「研究室詣で」(泣き、笑い): 卒業試験に落第した学生の救済、過去と現在

 早稲田大学(商学部)が、「救済を求める行為は控えるように」という注意喚起のメールを学生たちに送ったらしい。むかしから、最終試験で単位を落とした4年生が卒業できなかった事例は、枚挙にいとまがない。無駄だとはわかっていても、学生は研究室に来たり(研究室詣で)、しつこい学生になると自宅に押し掛けてきたりする。

 わたしの場合、いまは大学院の専任になったので、学部生から「嘆願」を受けることはなくなった。かつての同僚(経営学部)の中には、単位を落として卒業できなくなった学生が、家族を付け回してこまったケースがあった。
 気の弱い若手の教員だと、学生の強引さに負けて、あるいは同情から、ついつい単位を上げたくなるものである。しかし、そこはぐっとこらえて、情状酌量は一切しないのが良心的な教員のやるべきことである。
 教育的にも、それではまずいことになる。そうした学生が単位をもらえてしまうと、世の中に出てから、厳しい状況におかれたときも、不正(データの操作)や嘆願(脅迫)で、自分の逆境を逆転できるものだと思い込んでしまう。そもそも単位を落としたのは、自己責任のはずである。
 
 思い出すのは、30年前のことである。
 早稲田大学の事例でも、ある教員の自宅に、「一升びん」が送られて来たケースが紹介されていた。わたしも、千葉の自宅に、単位を落とした学生から「文明堂のカステラ」が送られてきたことがある。もちろん、カステラの箱には、自らの非を詫びる手紙も添えてあった。
 宅配便が普及しはじめたばかりのことで、送り主の住所は自宅になっていた。親御さんがどのように考えたかはわからない。大学の教師など、情に訴えればなんとかなるものだと思ったのかもしれない。
 結局、手紙を添えて送り返したが、着払いにはしなかった。送料をわたしが負担するはめになった。後味が悪く、なんとも面倒くさく思ったことを覚えている。こんなめにあったのは、わたしだけではないだろうう。
 その後、教員の自宅住所と電話番号は、学内者であっても、原則的には知ることができなくなった。「教職員住所録」が非公開になった理由の一つは、卒業判定を覆すための「研究室詣で」にあるのではないかと思っている。もちろん、通信販売の業者に、誰かはわからないが、たちの悪い教職員がリストを複写して転売したからだろうが。

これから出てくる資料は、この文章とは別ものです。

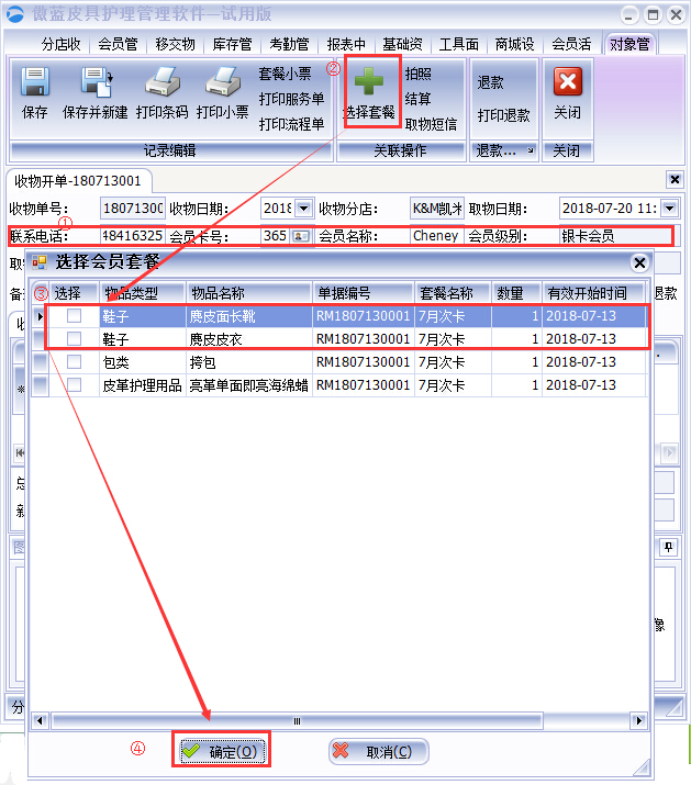 店員在傲藍皮具護理店系統給會員開單消費的具體操作步驟:

 余談である。経営学部(学部)の教員だったころ、3月の最後の教授会で、「卒業判定リスト」が回覧された。わたしが最初(最後)にするしごとは、4年のゼミ生で留年が出ないかどうかをチェックすることだった。運悪くして留年者が出た場合は、学生(ゼミ長)にメールをすることだった。
 この時点ではもう救いようがないのだが、偶然に教員の間違いで評価が「D」になってしまう場合がある。いまはどのようになっているかは知らないが、むかしは「成績調査」というものがあった。ほとんどの場合は、答案の紛失や成績の転記ミスである。
 白状すると、わたしも35年間の教員生活で、何度か「転記ミス」と「計算ミス(成績の合計作業)」を犯している。例外なく、大教室の授業でのことである。なにせ答案の枚数が、二クラスをもっていたときは800枚を超えていた。
 いまは大教室授業では、期末試験にマークシートを利用しているはずである。転記ミスは少なくなっているだろう。そういえば、学部教員をやめてからは、採点の肩こりがなくなったなあ。

 幸いなことに、わたしの場合は、1、2年生の基礎科目(経営学総論やマーケティング論)を担当していることが多かった。卒業判定に関わるような採点ミスはなかった。
 それというのも、最終年まで、マーケティング論の単位が取れていない4年生などについては、不合格「D]の場合は、二重三重に出席点と試験の答案をチェックしたからである。それをしないと、カステラや一升瓶の攻勢にあってしまう。
 わたしは、最初の授業で、わたしたちも最善の努力をしていることを、学生にアナウンスしていた。なので、その後は一度も、小川研究室詣でも、宅配便の小包が自宅に送りつけられることもなくなった。学生諸君も、こうした教員側の対応を知っていれば、救済の嘆願は無駄であることが理解できるはずである。
 それでも、世の中には、往生際の悪い人間は多いのだろう。早稲田大学商学部の教員のみなさんは、わたしたち(法政大学経営学部)のように事前対策を講じていないのだろう。実は、学生も悪いのだが、責任の多くは教員側にもあるのだ。
 学部事務が、在学生にメールを送りつけるなどの類の話ではないだろう。早稲田の先生たち、しっかりせねば(笑いと同情)。